* _Exercise requirements_
Please retype the data below exactly, stopping after the line with "Скотч двусторонний ПП" and skipping every picture.

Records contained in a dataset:

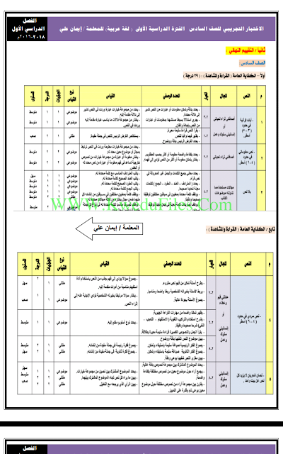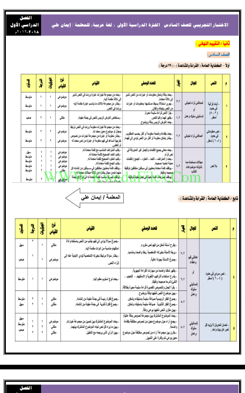 9اوراق في مادة اللغة العربية للصف السادس للكورس الاول تتضمن الاختبار التجريبي من اعداد المعلمة ايمان علي
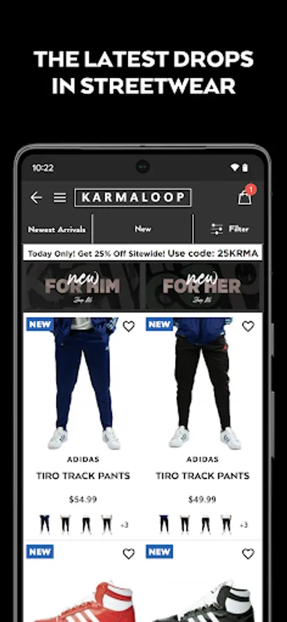 Log in with your existing Karmaloop account or create a new account to use on both the App and Karmaloop.com.
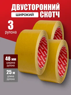 Скотч двусторонний ПП широкий 48мм х 25м - 3 шт
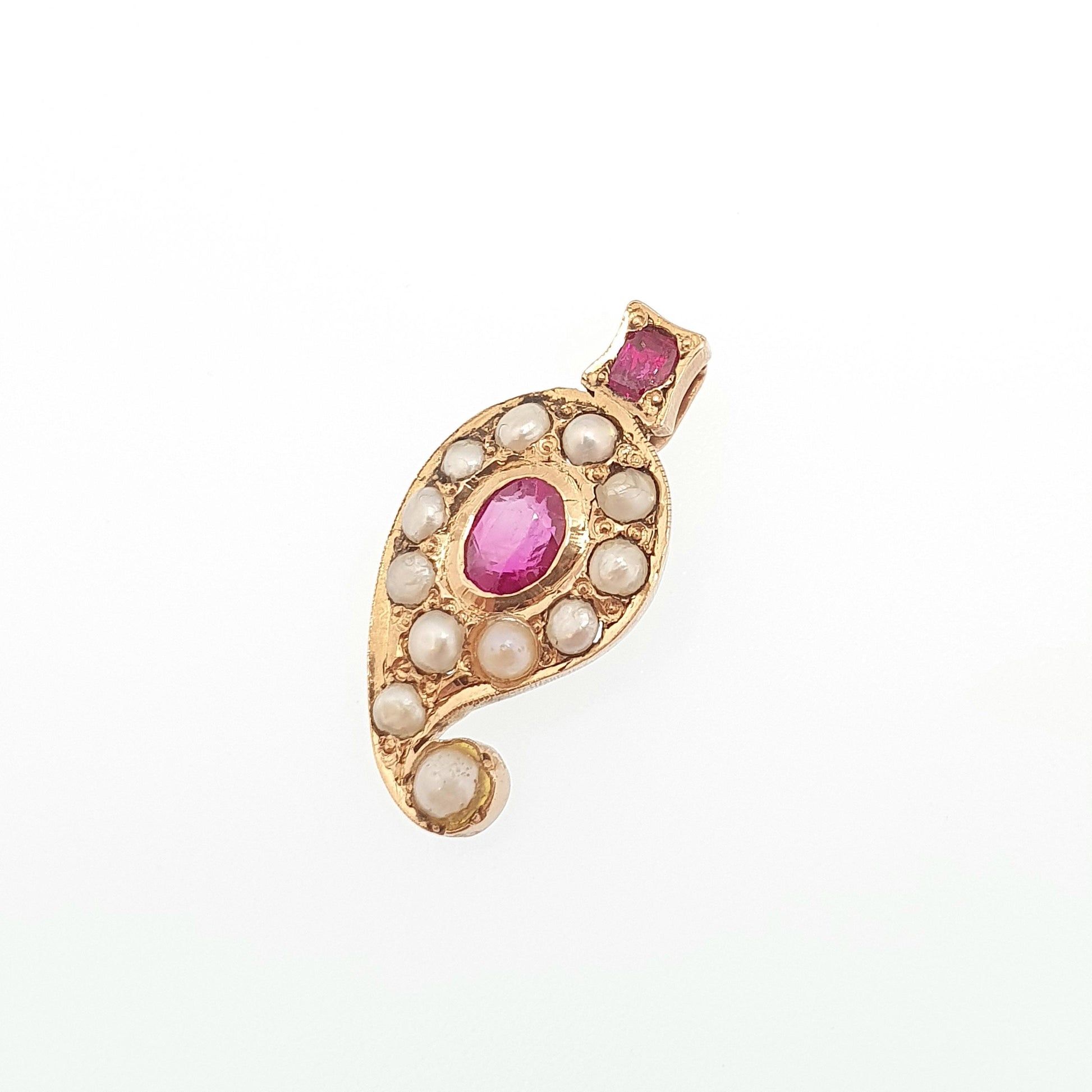 DESCRIPTION: A stunning antique Victorian solid 18ct gold teardrop pendant, adorned with rubies and seed pearls. The item has been crafted to a beautiful standard and is a handmade. It looks like the item used to be an earring and has been converted to a pendant in the 1980s. The item is hallmarked for 18ct gold, the hallmark dates to 1990, this is when the item would've been converted to a pendant, the original part of the necklace is antique Victorian. It weighs approx. 1.51g and the size dimensions are in the later photos. The border has a small section missing on one side, see pictures/video.
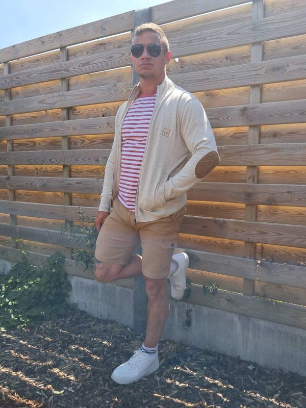 Model draagt shirt maat L, Cargo 32 en Jack XL
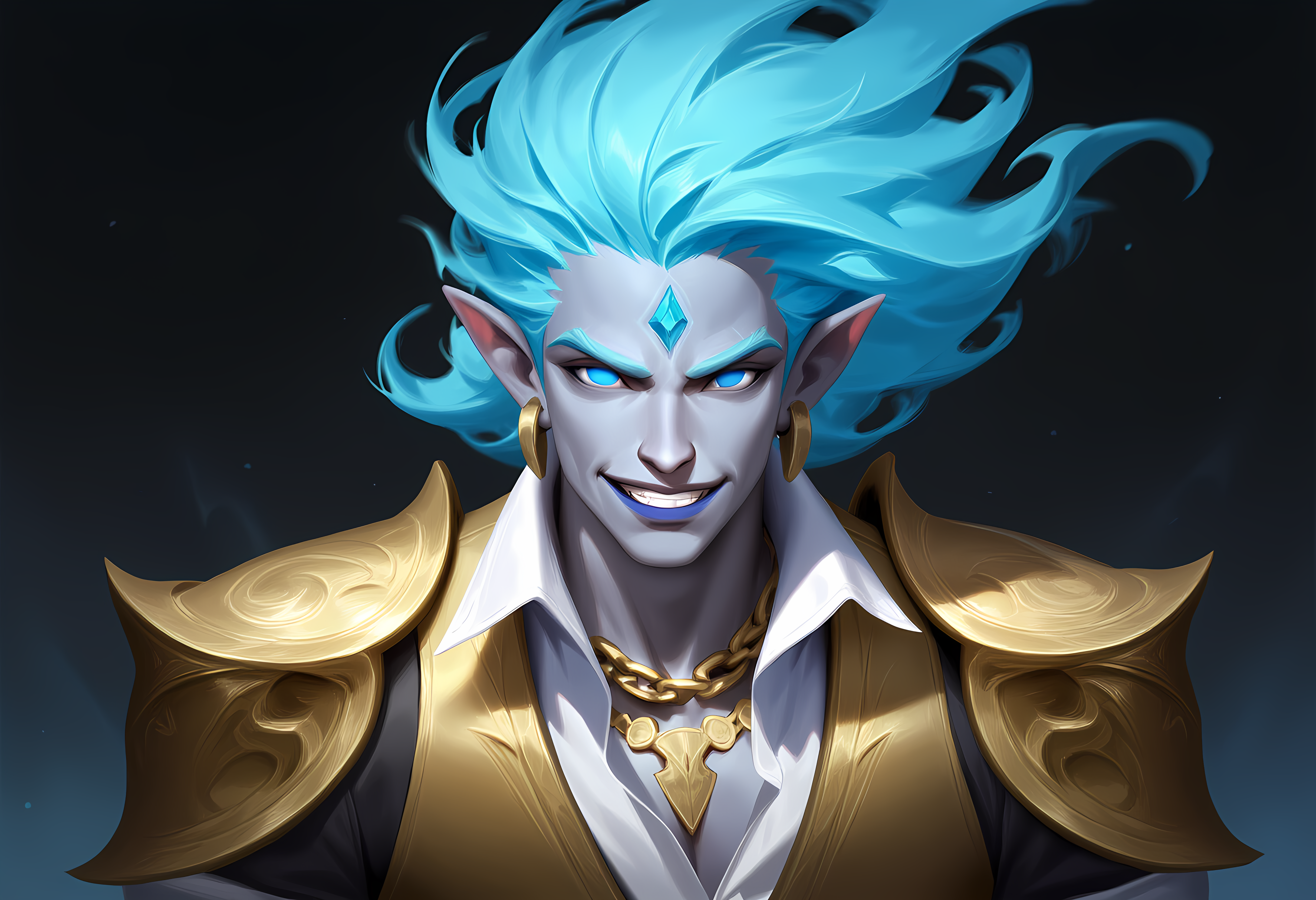 They tend toward muted coloration, with skin of milky white, pale gray, or powder blue. They have fair hair—white, gray, or pale blonde—but richly colored eyes, which are usually gray, violet or blue.

* _Answer to this task_
 9اوراق في مادة اللغة العربية للصف السادس للكورس الاول تتضمن الاختبار التجريبي من اعداد المعلمة ايمان علي
 Log in with your existing Karmaloop account or create a new account to use on both the App and Karmaloop.com.
 Скотч двусторонний ПП широкий 48мм х 25м - 3 шт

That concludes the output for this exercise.